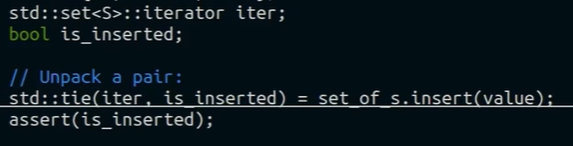 std::tie(iter, std::ignore) = set_.insert(value)
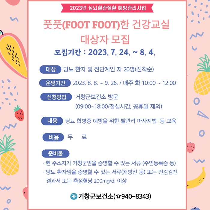 À̹ø °Ç°±³½ÇÀº ´ç´¢º´ 3´ë ÇÕº´ÁõÀ¸·Î ºÒ¸®´Â ‘´ç´¢º´¼º Á·ºÎº´º¯’ ¿¹¹æÀ» À§ÇØ ¿î¿µÇϸç, ÀÚ°¡°Ç°°ü¸® ½À°ü Çü¼ºÀ» À§ÇÑ Ç÷´ç°ü¸® Á߿伺, ¹ß °ü¸®·¸¶»çÁö¹ý ±³À°, ¸»ÃÊÇ÷°üÁúȯ ¿¹¹æÀ» À§ÇÑ Ç÷¾×¼øÈ¯ ¿îµ¿¹æ¹ý ½Àµæ µî ÃÑ 7ȸÂ÷·Î ±¸¼ºµÅ ÀÖ´Ù.
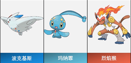 游戏开始不久后,可以从博士手中选择三宝作为同伴之一,选择对游戏进行没有多大影响,一般来说火属性的火球鼠在各个战斗内会较为活跃,而且透过提升等级其将其进化,初期三宝均可以成为阵中主力直至破关为止。初期三宝不会在野外找到,「时空歪曲」有机会让它们随机出现,但其实只要在游戏破关后,再次回到总部与博士对话,便能取得另外两只初期的宝可梦。
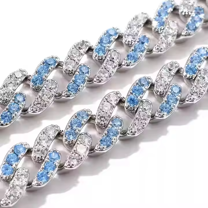 ห่วงโซ่ไมอามี่ขนาด10มม. สำหรับ925เพชรที่ใช้ตัดด้วยน้ำแข็งสำหรับปลูกในห้องปฏิบัติการประดับเพชรสีเงินและสีเหลืองชุบทองสไตล์คิวบานโซ่สำหรับเป็นของขวัญวันครบรอบแต่งงานของผู้ชาย
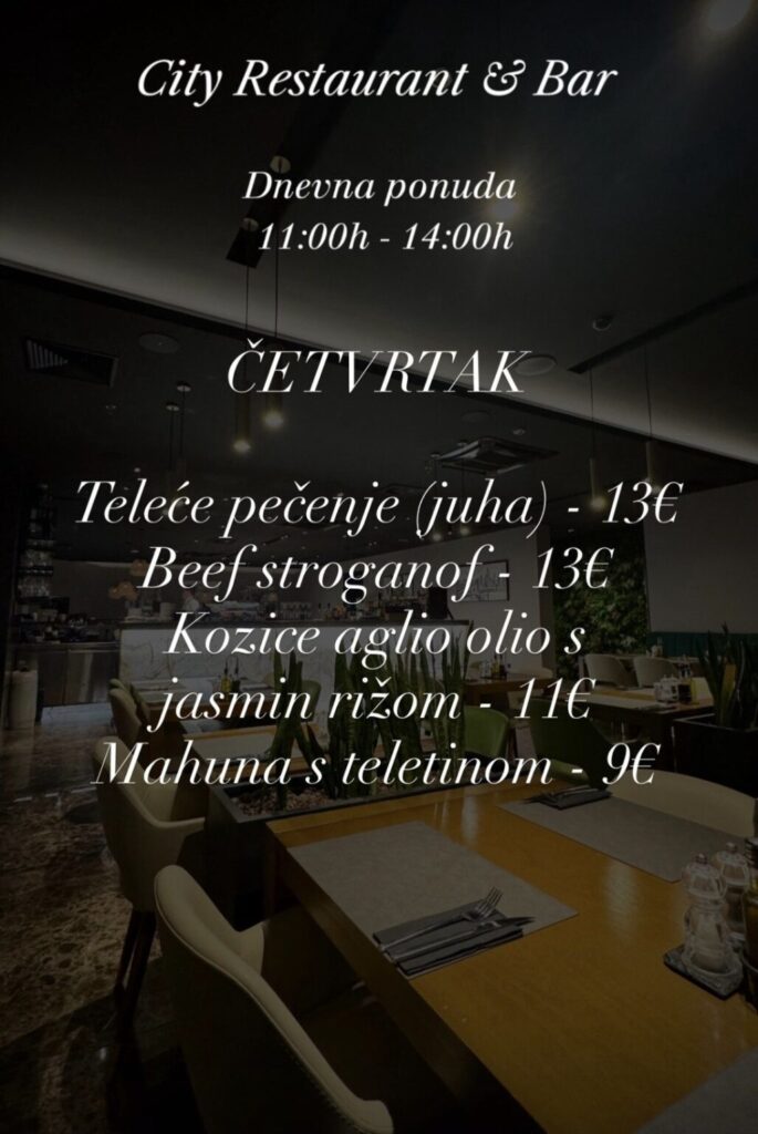 City restoran & bar, Hrvatskog crvenog križa 45, kontakt 020 301 800, ne vrše dostavu
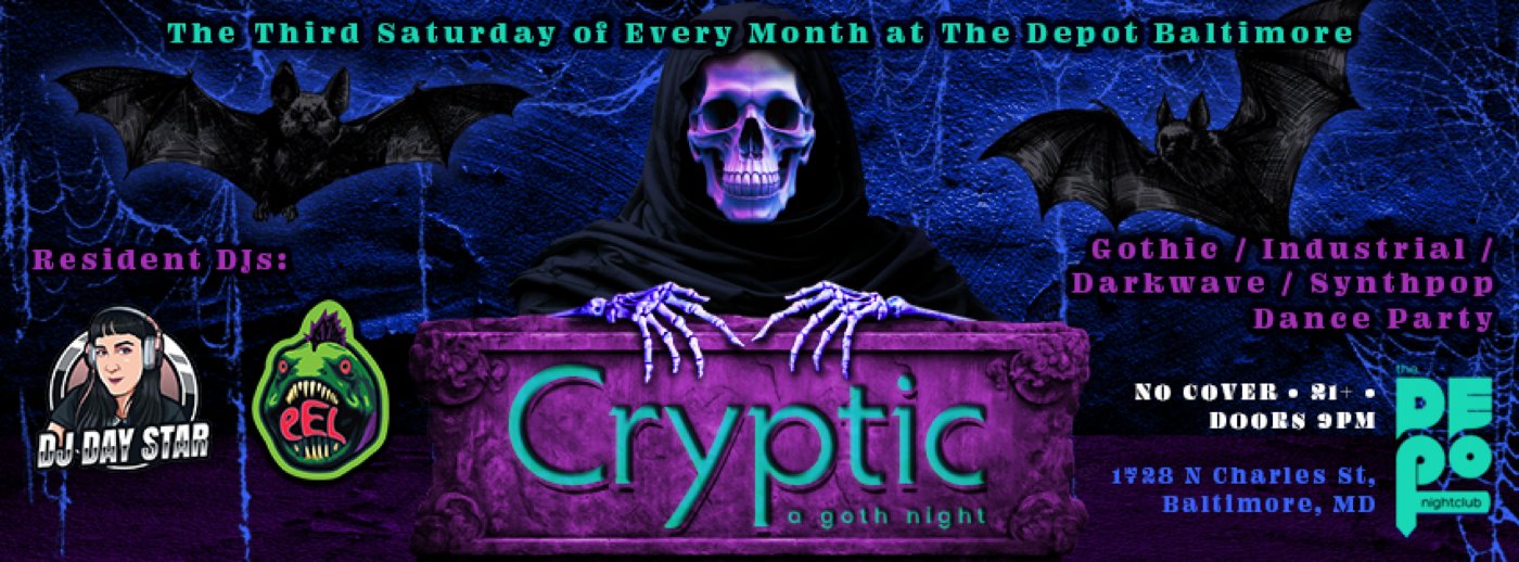 Join resident DJs Day Star and eEL on the 3RD SATURDAY OF EACH MONTH for a Goth + Industrial + Darkwave club night at The Depot Baltimore. Possible art/craft vendors & guest DJs will be announced monthly. Follow the Cryptic Facebook page: https://www.facebook.com/CrypticGothic
★ ★ ★ ★ ★ ★ ★
Copy out the whole listing word for word, except for any picture it includes.

__Answer box__:
 std::tie(iter, std::ignore) = set_.insert(value)
 À̹ø °Ç°±³½ÇÀº ´ç´¢º´ 3´ë ÇÕº´ÁõÀ¸·Î ºÒ¸®´Â ‘´ç´¢º´¼º Á·ºÎº´º¯’ ¿¹¹æÀ» À§ÇØ ¿î¿µÇϸç, ÀÚ°¡°Ç°°ü¸® ½À°ü Çü¼ºÀ» À§ÇÑ Ç÷´ç°ü¸® Á߿伺, ¹ß °ü¸®·¸¶»çÁö¹ý ±³À°, ¸»ÃÊÇ÷°üÁúȯ ¿¹¹æÀ» À§ÇÑ Ç÷¾×¼øÈ¯ ¿îµ¿¹æ¹ý ½Àµæ µî ÃÑ 7ȸÂ÷·Î ±¸¼ºµÅ ÀÖ´Ù.
 游戏开始不久后,可以从博士手中选择三宝作为同伴之一,选择对游戏进行没有多大影响,一般来说火属性的火球鼠在各个战斗内会较为活跃,而且透过提升等级其将其进化,初期三宝均可以成为阵中主力直至破关为止。初期三宝不会在野外找到,「时空歪曲」有机会让它们随机出现,但其实只要在游戏破关后,再次回到总部与博士对话,便能取得另外两只初期的宝可梦。
 ห่วงโซ่ไมอามี่ขนาด10มม. สำหรับ925เพชรที่ใช้ตัดด้วยน้ำแข็งสำหรับปลูกในห้องปฏิบัติการประดับเพชรสีเงินและสีเหลืองชุบทองสไตล์คิวบานโซ่สำหรับเป็นของขวัญวันครบรอบแต่งงานของผู้ชาย
 City restoran & bar, Hrvatskog crvenog križa 45, kontakt 020 301 800, ne vrše dostavu
 Join resident DJs Day Star and eEL on the 3RD SATURDAY OF EACH MONTH for a Goth + Industrial + Darkwave club night at The Depot Baltimore. Possible art/craft vendors & guest DJs will be announced monthly. Follow the Cryptic Facebook page: https://www.facebook.com/CrypticGothic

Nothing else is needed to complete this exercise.